Cette année, le marathon de Tokyo attire 39 000 participants, prêts à arpenter les rues de la capitale japonaise ce dimanche, marquant ainsi le début de la saison des plus grands marathons internationaux. Jeudi dernier, les coureurs affluaient pour récupérer leurs dossards, impatients de vivre cette expérience unique.
« Courir lentement pour en profiter plus longtemps », confie Lionel, un marathonien parisien, en visant un temps de moins de quatre heures. Comme beaucoup d'autres, il ressent déjà l'excitation à l'approche du départ. Beaucoup s'expriment : « Hâte, exciting, J-3, can’t wait », disent-ils lors de la traditionnelle Marathon Expo.
Ce marathon, lancé en 2013 dans le cadre des World Major Marathons, donne le coup d'envoi d'une saison qui comprend des courses prestigieuses à Boston, Londres, New York, et au-delà, célébrant les 20 ans de ce circuit en 2026.
Pour Lionel, « voir une ville un jour de marathon, c’est la voir sous son meilleur jour ». Suvar, un coureur turc, renchérit : « C’est beau une ville qui court ». Tokyo est témoin d'une préparation colorée : oriflammes, produits dérivés, et affichages lumineux embellissent les rues.
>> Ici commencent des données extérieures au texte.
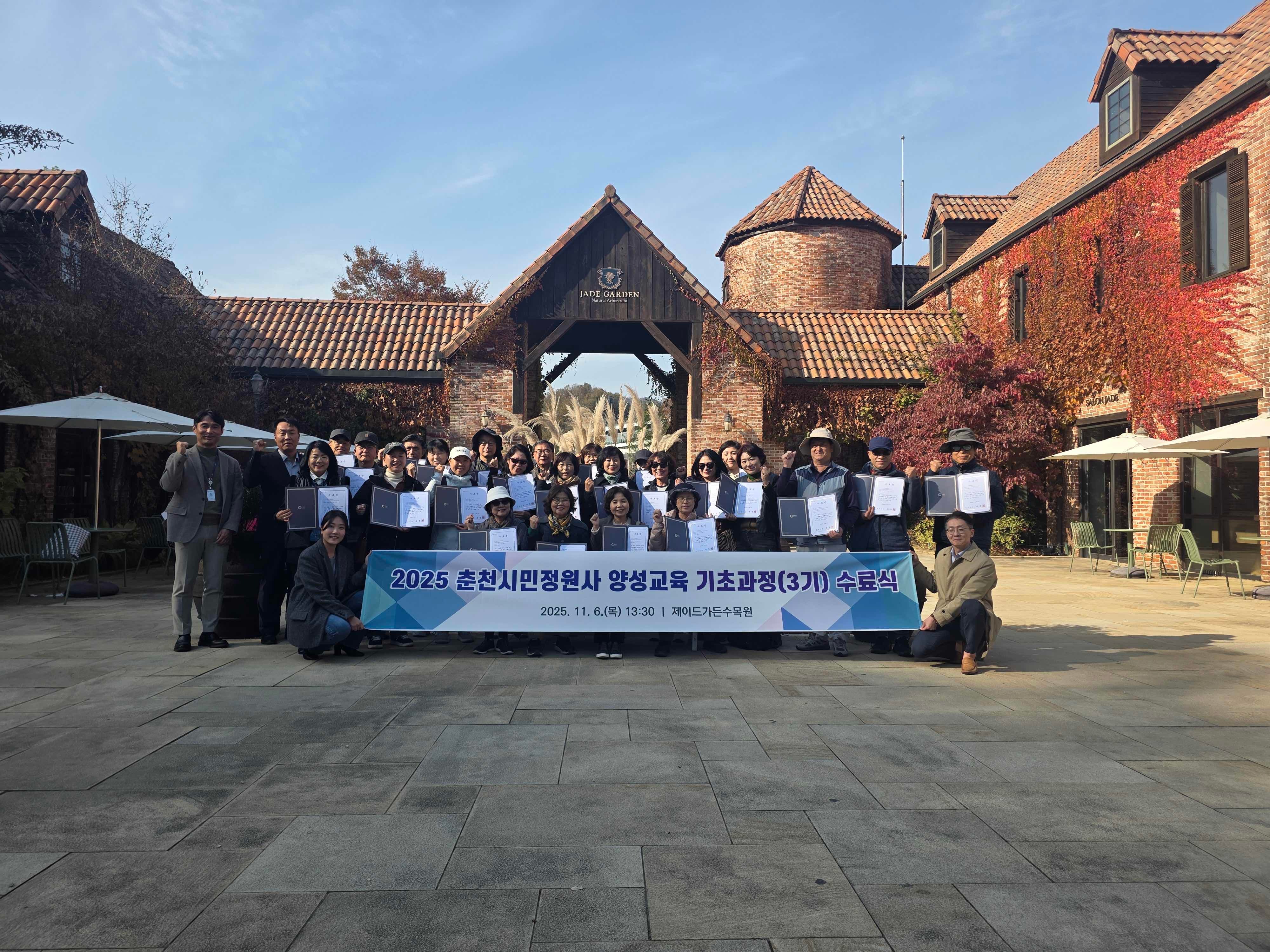 춘천시(시장 육동한)는 6일 제이드가든 수목원에서 ‘2025 시민정원사 기초과정 제3기 수료식’을 개최했다.

Yuji Kondo, dirigeant des sports au Yomiuri Shimbun, explique que « cette course fait partie intégrante de l'évolution de la culture marathon à Tokyo, traditionnellement centrée autour de l'Ekiden, une course par relais ».
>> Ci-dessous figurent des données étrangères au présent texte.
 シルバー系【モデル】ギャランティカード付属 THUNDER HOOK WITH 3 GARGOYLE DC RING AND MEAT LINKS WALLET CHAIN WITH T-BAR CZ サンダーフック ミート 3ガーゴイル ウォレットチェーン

Alistair Foster, directeur marketing chez Asics, partenaire de l'événement, évoque le lien profond entre le Japon et la course à pied : « Le running n’est pas qu’une activité, c’est devenu une partie intégrante de notre identité. »
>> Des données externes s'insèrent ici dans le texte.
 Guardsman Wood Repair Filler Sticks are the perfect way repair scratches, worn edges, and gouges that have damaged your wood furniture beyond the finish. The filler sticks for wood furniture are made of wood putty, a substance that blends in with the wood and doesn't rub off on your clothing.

De nombreux coureurs internationaux, comme Diane d'Italie, trouvent que « c’est le marathon le plus culturellement riche, une expérience unique avec des bénévoles toujours prêts à aider. » Ce dernier représente une opportunité de découvrir Tokyo sous un jour inédit, rendant cet événement encore plus précieux pour tous.